From developing a knowledge base to joint actions

Acknowledging the need for a strong knowledge base, coupled with awareness raising activities, the ILO conducted studies looking at how enterprises can generate more and better jobs, while enhancing the skills of workers and labour law compliance in the electronics sector. MNEs and their suppliers, as well as government officials, employers and workers organisations and other key stakeholders in the industry were interviewed for the studies. Awareness-raising seminars on the MNE Declaration were also held in the north and south of Viet Nam, as an integral part of an action-oriented research process aimed at generating new information through engagement with the stakeholders while coming up with a set of recommendations on the way forward.

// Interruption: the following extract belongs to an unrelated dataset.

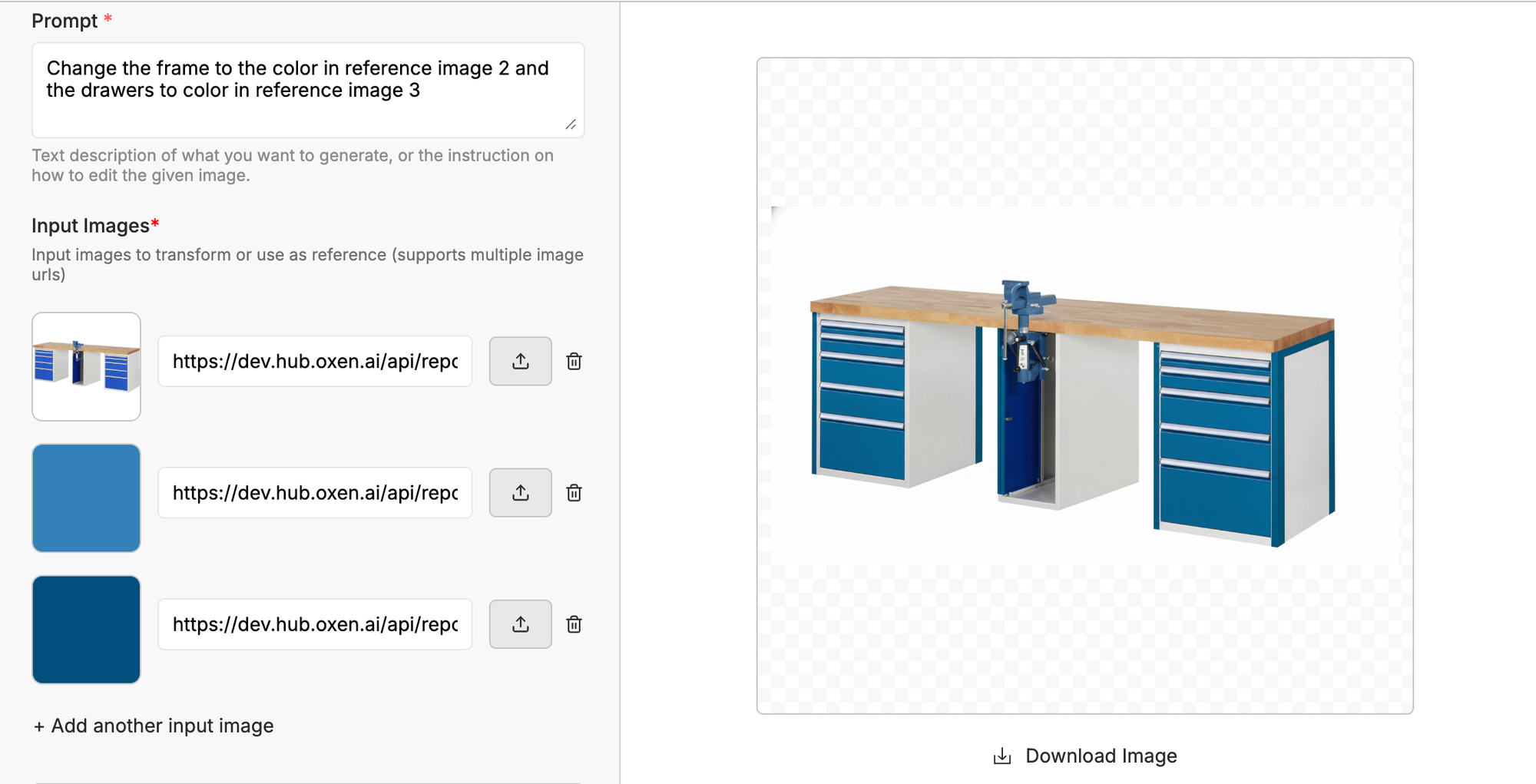 Recently, we had an AI-native consulting firm named AlliumAI come to us because needed to generate a catalog of furniture. The product catalogue had a variety of items such as desks and cabinets and different color swatches that needed to be used for these items.

The first study mapped out the industry situation and sought to address how enterprises can generate more and better jobs through socially responsible labour practices in Viet Nam’s electronics sector, taking into account the evolving transnational production system as the country further integrates in the global economy. The second study analysed the working conditions in Viet Nam’s electronics industry.

In September 2016, a High Level Policy Dialogue on the future of a competitive and socially responsible electronics industry in Viet Nam brought together more than 80 representatives from government, employers’ and workers’ organizations, sectorial and bilateral business associations, Vietnamese electronics enterprises and MNEs operating in the sector. The two ILO studies served as inputs for discussing the challenges and opportunities facing the sector, allowing for an evidence-based dialogue on ways in which the decent work impact of Foreign Direct Investment (FDI) and the operations of MNEs could be maximized. The dialogue also provided an opportunity to jointly develop a Plan of Action for generating more and better jobs through socially responsible labour practices in the sector. Key issues included: marginalization of Vietnamese enterprises (especially SMEs) in the global electronics value chain; shortage of relevant skills in the local labour market; lack of relevant and quality vocational and training institutions; working conditions, especially in SMEs; and potential inconsistency between laws and policies that affect the performance of MNEs, local Vietnamese enterprises, and the workers.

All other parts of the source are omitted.